Para a bancada ruralista, o avanço das ocupações amplia a insegurança jurídica e afeta decisões de investimento no setor. A avaliação é de que o cenário pode comprometer a produção, sobretudo em regiões de fronteira agrícola, onde a expansão depende de maior previsibilidade institucional.
Como resposta, a FPA articula um pacote de projetos no Congresso. Entre eles está o Projeto de Lei 4.432/2023, que cria o Cadastro Nacional de Invasões de Propriedades (CNIP), com integração ao Sistema Nacional de Informações de Segurança Pública (Sinesp).
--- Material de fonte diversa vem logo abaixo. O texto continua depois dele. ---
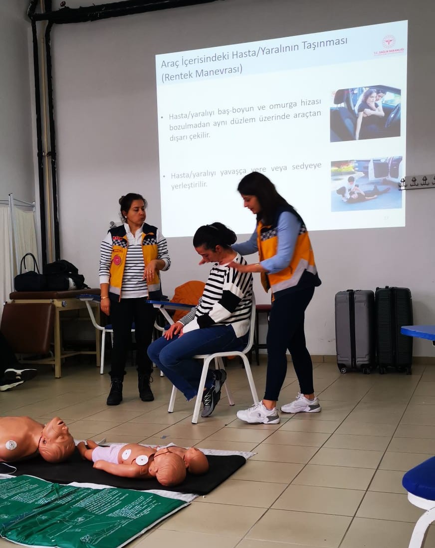 Program kapsamında katılımcılara; temel yaşam desteği, solunum yolu tıkanıklıklarında müdahale, kanama ve yaralanmalarda ilk yardım uygulamaları, kırık-çıkık ve burkulmalarda doğru yaklaşım ile acil durum yönetimi konularında kapsamlı bilgi aktarıldı. Uygulamalı oturumlarda personel, maketler üzerinde kalp masajı ve suni solunum tekniklerini birebir deneyimleme fırsatı buldu.
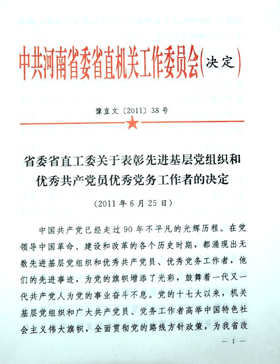 省委省直工委關(guān)于表彰先進(jìn)基層黨組織和優(yōu)秀黨務(wù)工作者的決定
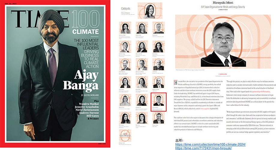 JOGMEC(本部:東京都港区、理事長:髙原 一郎) の理事/エネルギー事業本部長 森 裕之が、2024年11月12日、米誌TIME「2024年気候変動に最も影響力のあるリーダー100名」に選出されたことが明らかになりました。
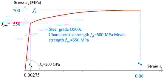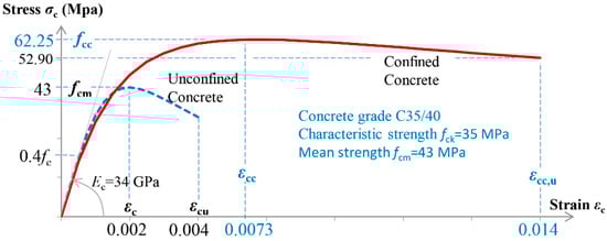 Next, a series of pushover and instantaneous modal analyses is conducted to implement the “M and P” technique for structural damage identification in the existing RC bridge. The FEM analysis software SAP2000 [] is utilized for this purpose. Plastic hinges of the fiber type are incorporated at the base of the piers in the nonlinear model of the bridge to simulate potential locations of inelastic behavior. The constitutive relationships used to characterize the behavior of construction materials in both the linear and nonlinear domains are as follows: (a) the model proposed by Mander, Priestley, and Park (1988) [] for uniaxial unconfined and confined concrete (Figure 10); and (b) the model proposed by Park and Paulay (1975) [] for steel reinforcement, which is parabolic in the strain hardening region (Figure 11). All necessary data for the nonlinear simulation of the bridge are derived from the results of a section analysis. The data for the base section of the piers are presented in Table 2, where the effective stiffness ratio is calculated using Equation (7) in accordance with EN 1998-3 []. The plastic hinge length of the fiber hinges is calculated using Equation (8) and is shown in the last column of Table 2.
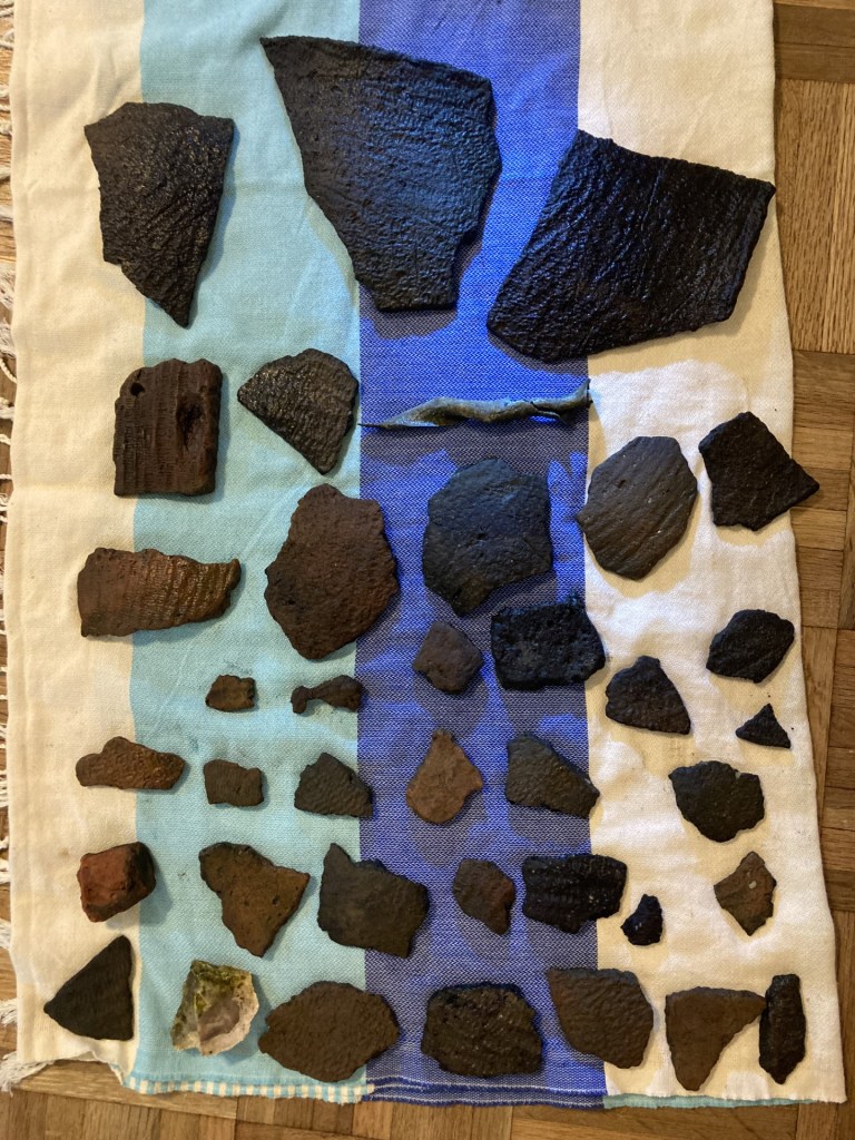 Salter Path was first settled in the late 1800s, though people had lived in small communities along Bogue Banks for much of that century, shifting as the winds moved sand, flooded gardens, or changed fish distribution. Even before that, people lived on Bogue Banks: Native American relics and bones have been found along the island, and it is these artifacts that give the town around Salter Path, Indian Beach, its name. One of these relics features in my book. I’ve even found similar pottery myself in the marsh, slowly washing away with sea level rise.

A proposta busca centralizar dados, facilitar a identificação de envolvidos e dar suporte às ações de segurança.
Outro eixo da ofensiva é o endurecimento das penas. O Projeto de Lei 1.198/2023 propõe alterar o Código Penal para elevar a punição por esbulho possessório, hoje limitada a detenção de um a seis meses, para reclusão de quatro a oito anos, além de multa. Já o Projeto de Lei 6.612/2025 cria uma tipificação específica para invasões de propriedades rurais, com penas que podem chegar a dez anos, agravadas em casos de áreas produtivas ou ações coletivas.
No mesmo pacote, propostas buscam restringir o acesso de invasores a políticas públicas. Um dos textos em tramitação prevê a exclusão de ocupantes irregulares de programas de reforma agrária e o bloqueio temporário de crédito subsidiado, benefícios fiscais e contratos com o poder público.
A ofensiva legislativa ocorre em um contexto mais amplo de debate sobre a política fundiária. Dados do mostram que o Brasil tem cerca de 1,1 milhão de famílias assentadas, mas ainda enfrenta desafios estruturais na geração de renda e na integração produtiva dessas áreas. Para a FPA, a solução passa por tratar a reforma agrária como política técnica, com foco em infraestrutura, assistência e viabilidade econômica, e não por meio de ocupações.
A campanha “Invasão Zero” deve orientar a atuação da bancada ao longo de 2026, com prioridade para projetos que ampliem a segurança jurídica no campo e estabeleçam regras mais rígidas para ocupações ilegais. O tema tende a ganhar espaço na agenda do Congresso, especialmente diante da pressão de produtores e entidades do setor.